Teaching a model to become the router — replacing hand-crafted heuristics with learned tool-selection behavior via QLoRA distillation.

📖 Read the blog post: From Heuristics to Fine-Tuning

🎯 Problem

Autonomous AI agents need to decide which tool to call for every user query. Most implementations rely on:

❌ Regex/keyword matching (brittle, unmaintainable)
❌ Zero-shot LLM prompting (expensive, slow, inconsistent)
❌ Embedding similarity (loses argument extraction)

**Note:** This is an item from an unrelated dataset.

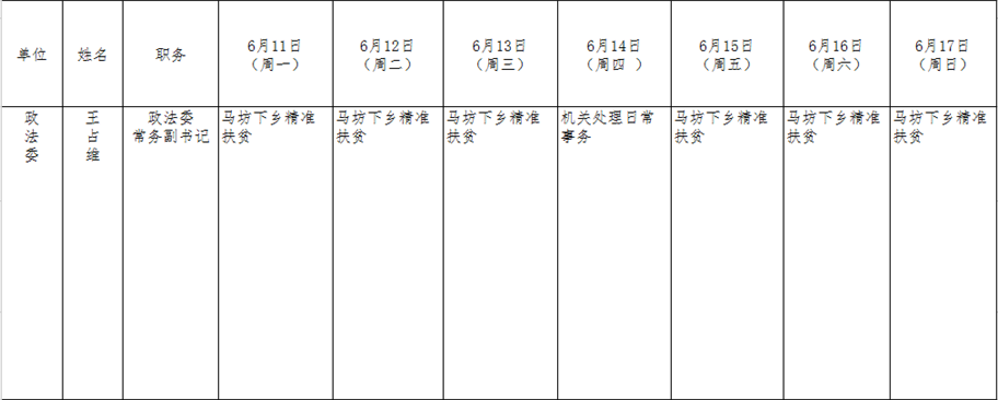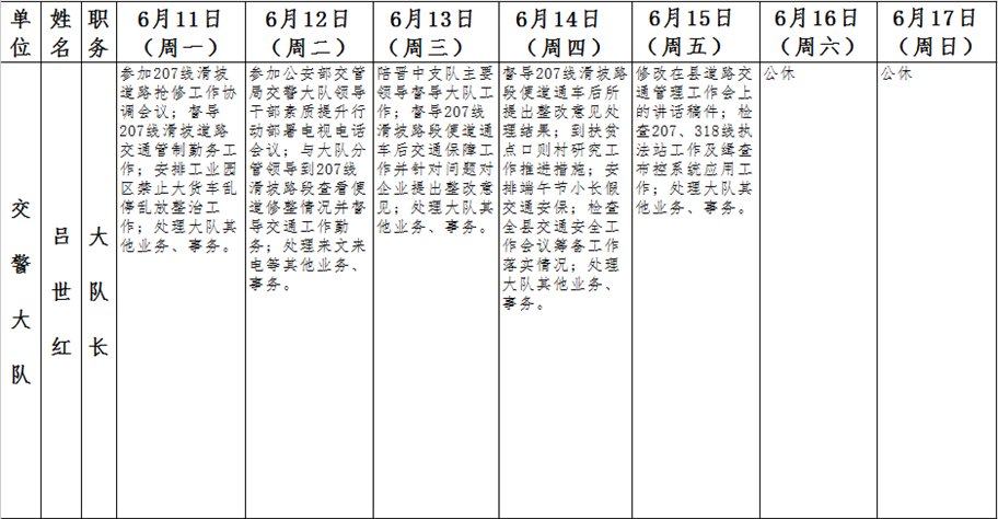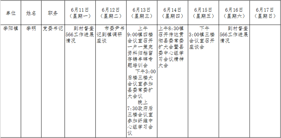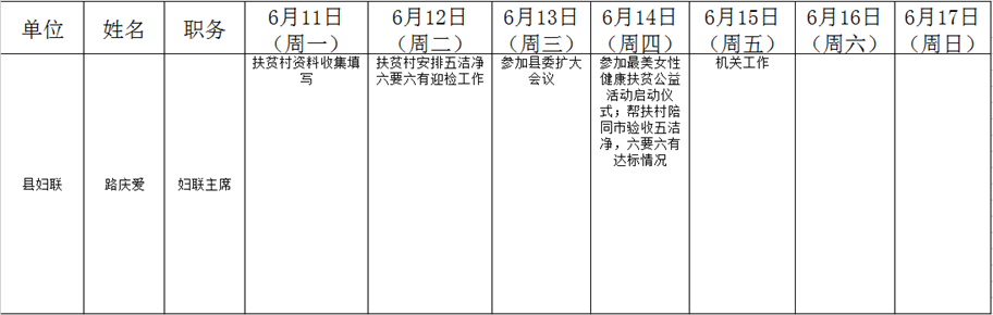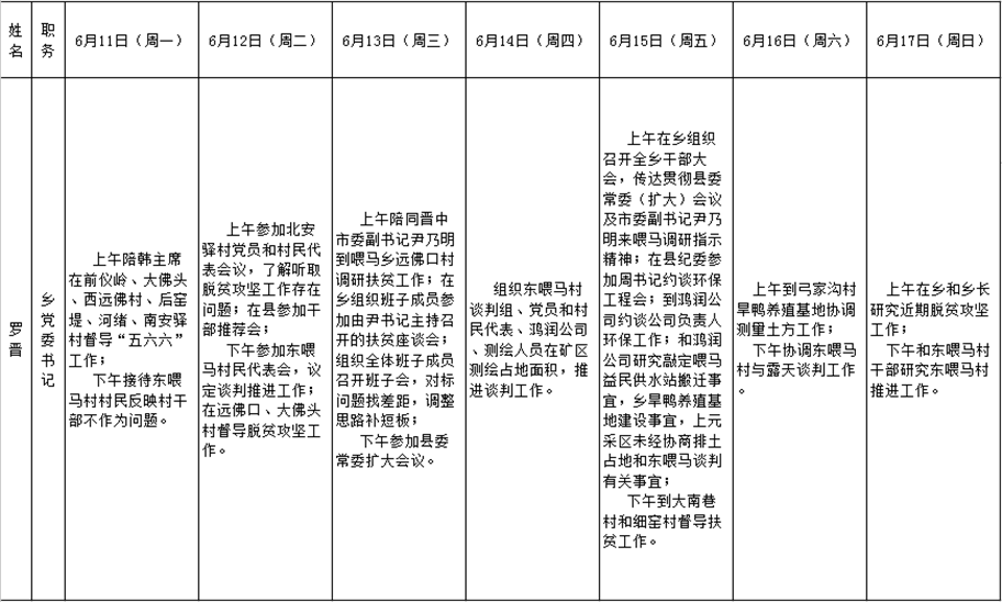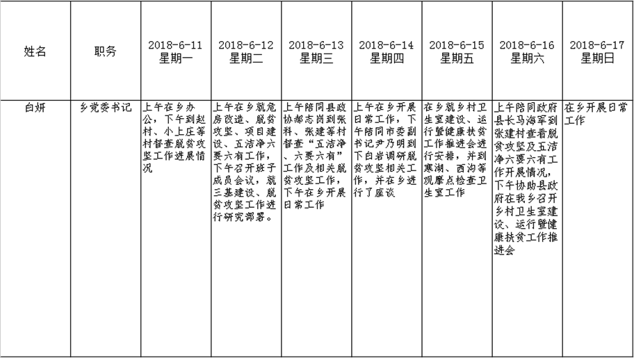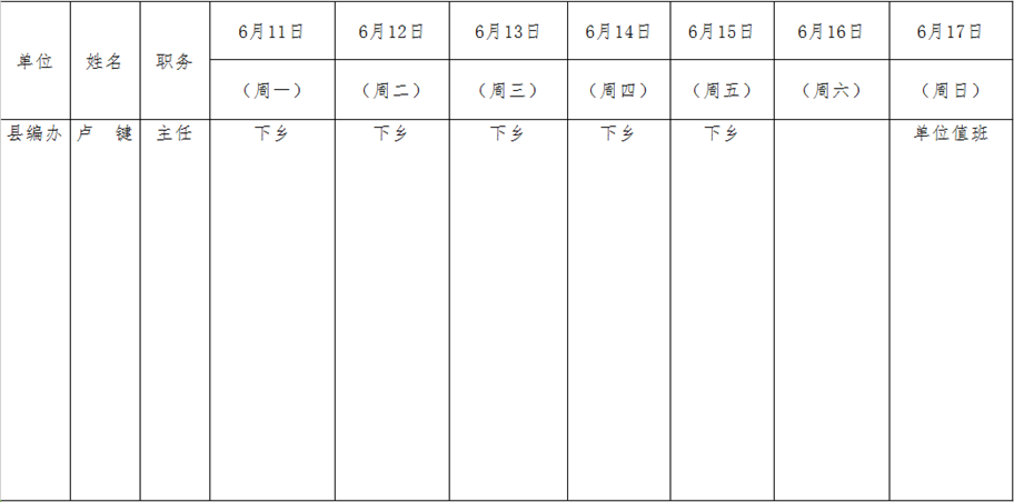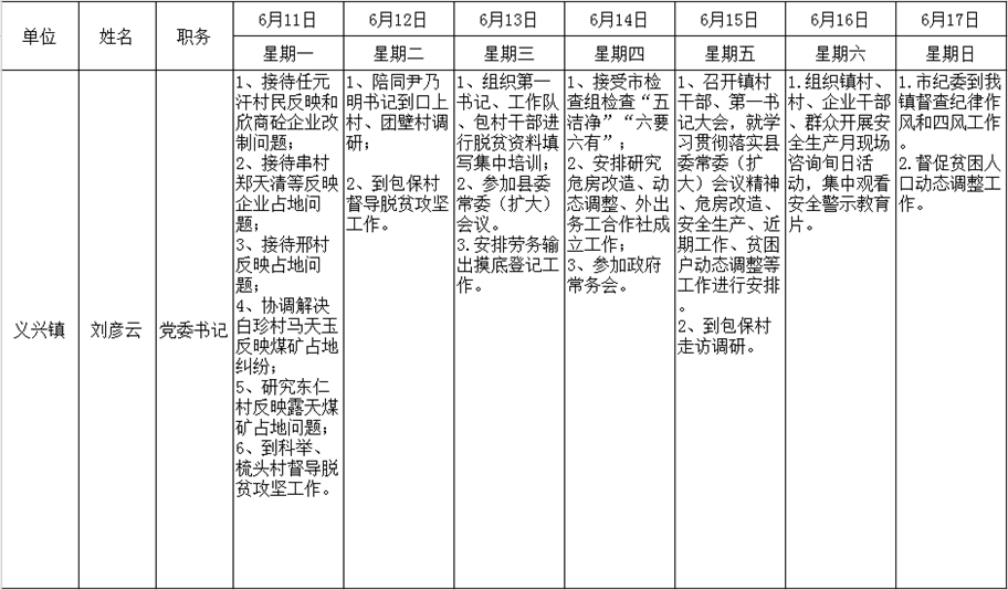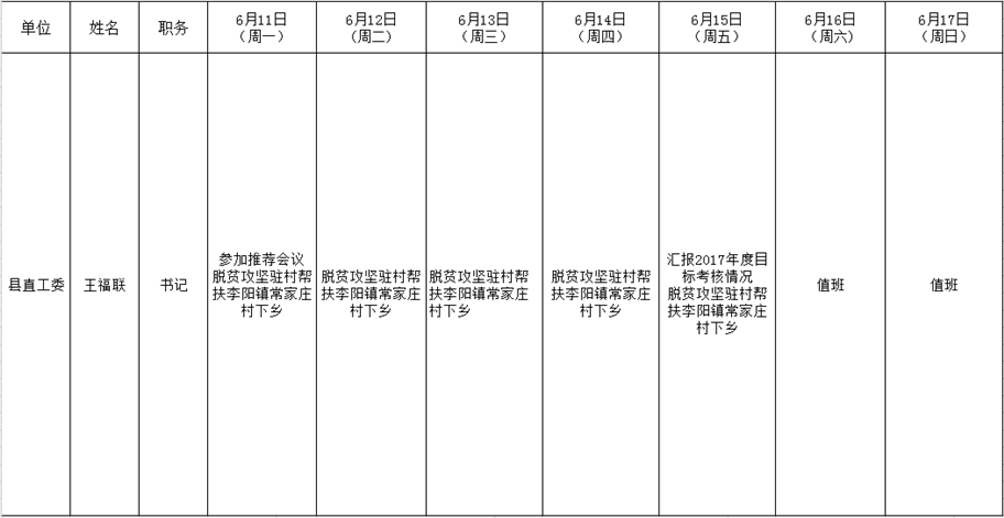 全县领导干部一周工作清单

ToolForge solves this by fine-tuning a small LLM (7-8B) via QLoRA on synthetic tool-call traces, achieving 86% tool-selection accuracy with sub-second latency — replacing a heuristic router with a learned one.

📊 Results

Ablation Study (4 runs, W&B tracked)

Run	Base Model	LoRA r	LR	Test Accuracy	Eval Loss
🥇 qwen7b-r64	Qwen2.5-7B-Instruct	64	2e-4	86.2%	0.141
🥈 mistral-r64	Mistral-7B-Instruct-v0.3	64	2e-4	82.8%	0.670
🥉 mistral-r16	Mistral-7B-Instruct-v0.3	16	2e-4	81.9%	0.648
❌ mistral-lr5e4	Mistral-7B-Instruct-v0.3	64	5e-4	60.3%	0.730

Note: True accuracy is estimated at ~92%+ after accounting for noisy teacher labels in the test set (model correctly routes queries that were mislabeled by the teacher).

Per-Tool Accuracy (Best Model — Qwen2.5-7B)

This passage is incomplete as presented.